Task to complete
Everything in the listing that follows should be reproduced exactly except the pictures.

Data provided
"""
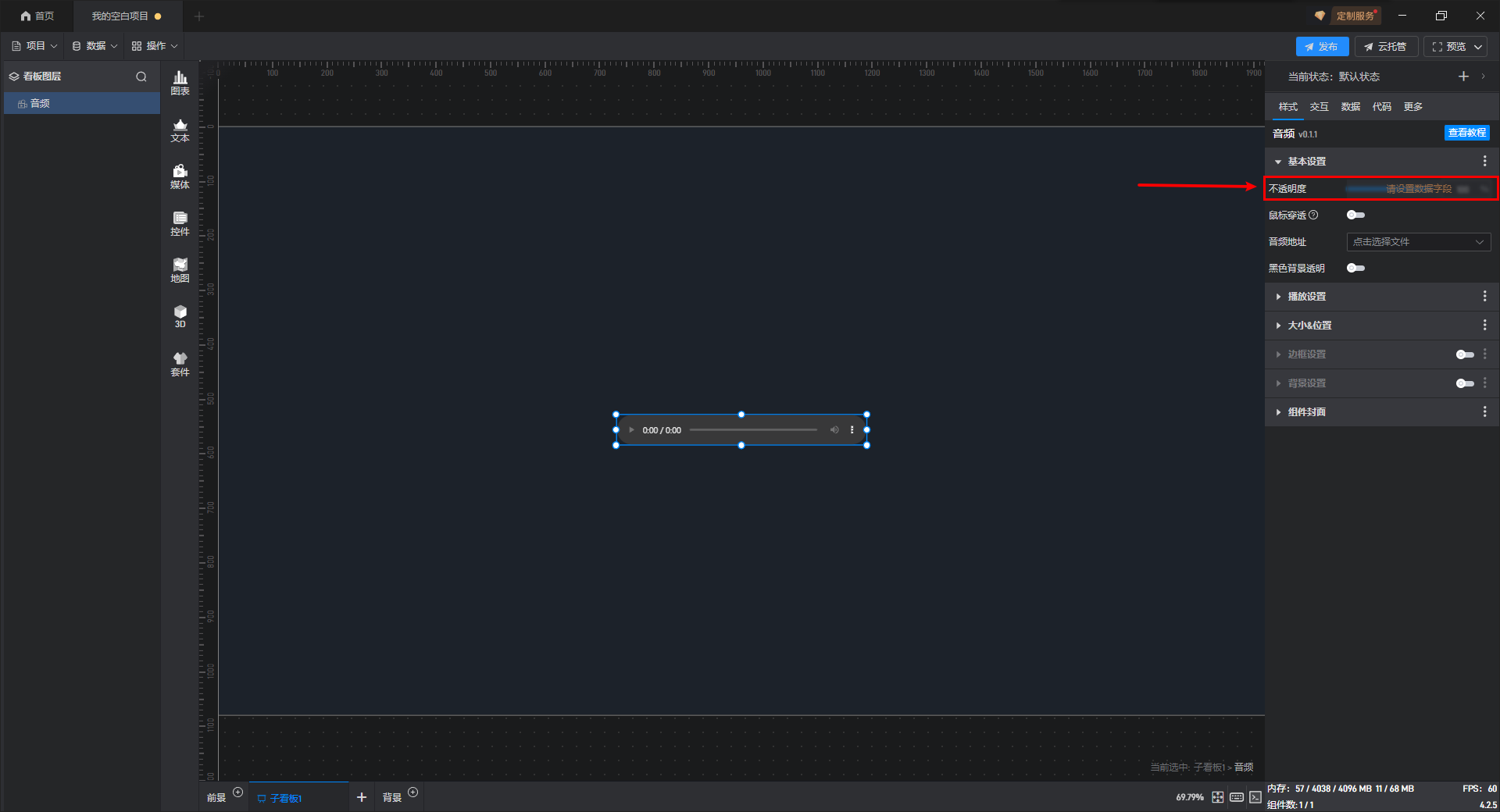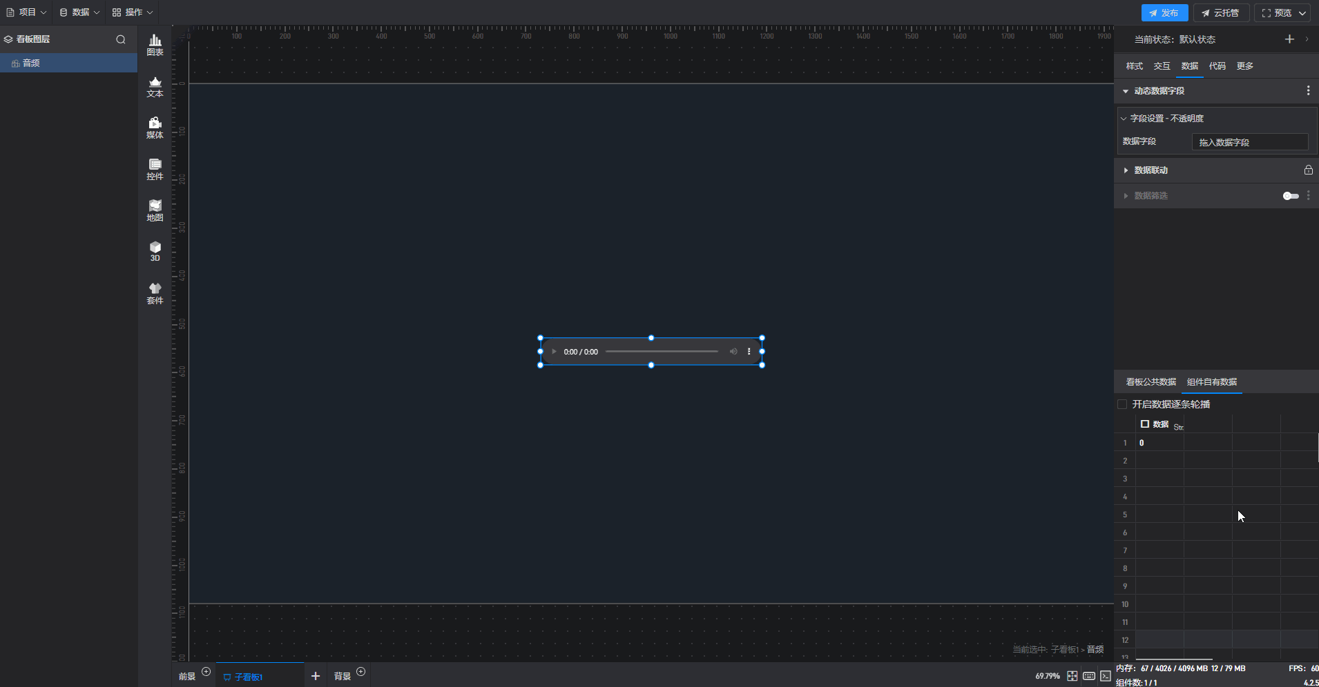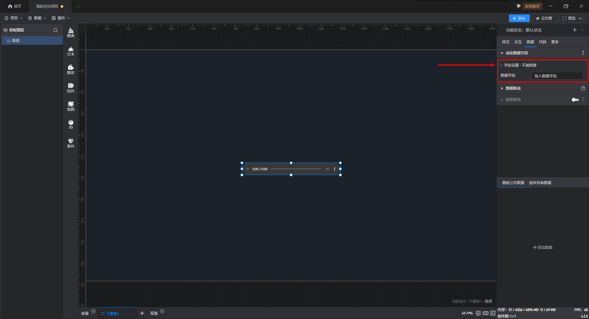 因为音频组件默认没有数据字段,此时我们需要用到“动态数据字段”的功能,这个功能是针对设置项生成一个关联的数据字段,从而可以通过数据字段来对设置项的内容进行控制。
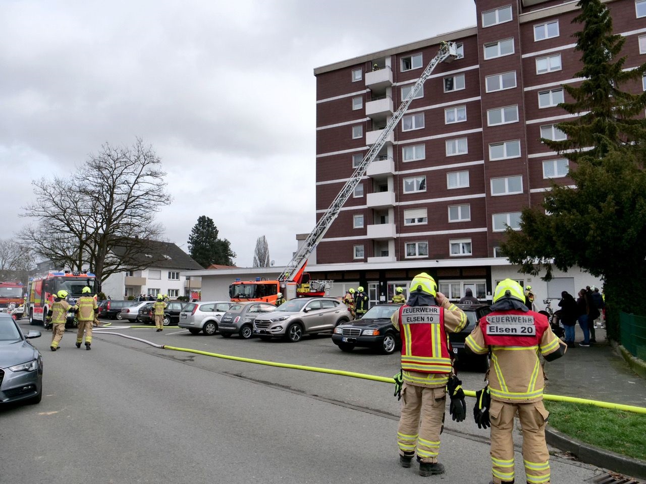 Feuerwehreinsatz am Sonntagnachmittag in der Ernst-Reuter-Straße im Stadtteil Schloss Neuhaus. Gegen 14.30 Uhr nahm ein Bewohner des Hochhauses Brandgeruch wahr und wählte den Notruf. Um 14.33 Uhr wurde die Paderborner Feuerwehr unter dem Stichwort „Zimmerbrand, Menschenleben in Gefahr“ alarmiert.
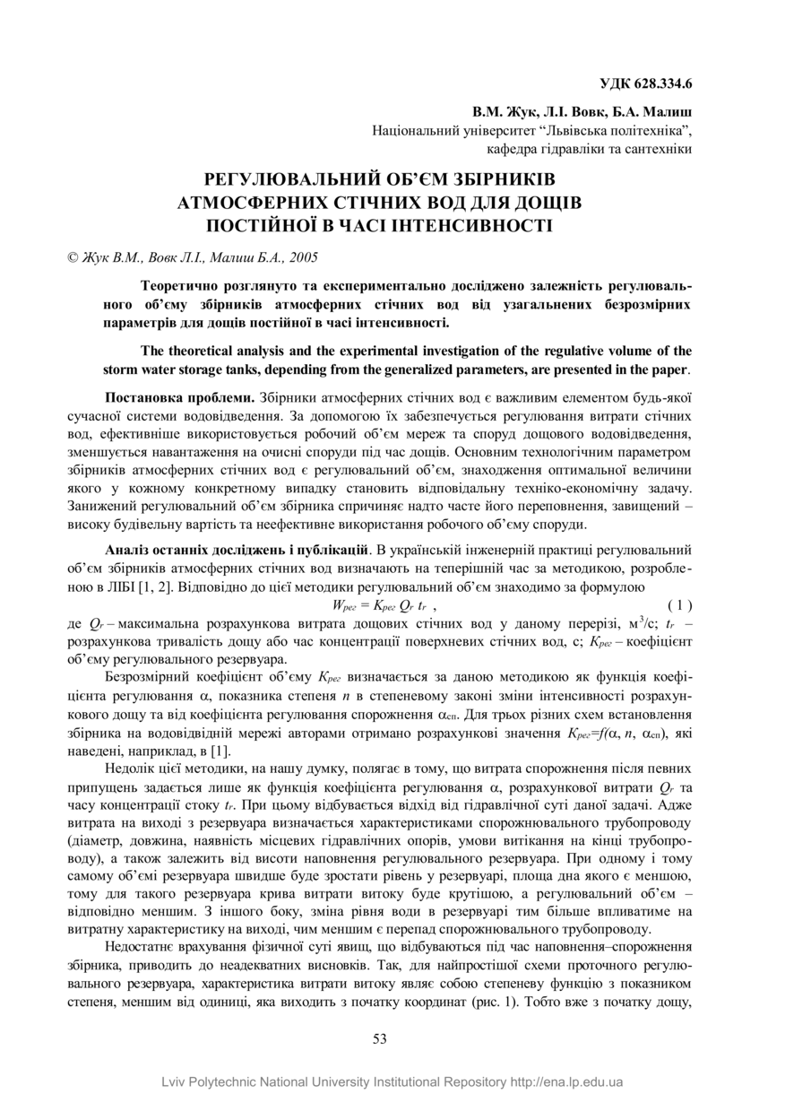 Жук В. М. Регулювальний об’єм збірників атмосферних стічних вод для дощів постійної в часі інтенсивності / В. М. Жук, Л. І. Вовк, Б. А. Малиш // Вісник Національного університету “Львівська політехніка”. — Львів : Видавництво Національного університету “Львівська політехніка”, 2005. — № 545 : Теорія і практика будівництва. — С. 53–60.
"""
Answer to this task
 因为音频组件默认没有数据字段,此时我们需要用到“动态数据字段”的功能,这个功能是针对设置项生成一个关联的数据字段,从而可以通过数据字段来对设置项的内容进行控制。
 Feuerwehreinsatz am Sonntagnachmittag in der Ernst-Reuter-Straße im Stadtteil Schloss Neuhaus. Gegen 14.30 Uhr nahm ein Bewohner des Hochhauses Brandgeruch wahr und wählte den Notruf. Um 14.33 Uhr wurde die Paderborner Feuerwehr unter dem Stichwort „Zimmerbrand, Menschenleben in Gefahr“ alarmiert.
 Жук В. М. Регулювальний об’єм збірників атмосферних стічних вод для дощів постійної в часі інтенсивності / В. М. Жук, Л. І. Вовк, Б. А. Малиш // Вісник Національного університету “Львівська політехніка”. — Львів : Видавництво Національного університету “Львівська політехніка”, 2005. — № 545 : Теорія і практика будівництва. — С. 53–60.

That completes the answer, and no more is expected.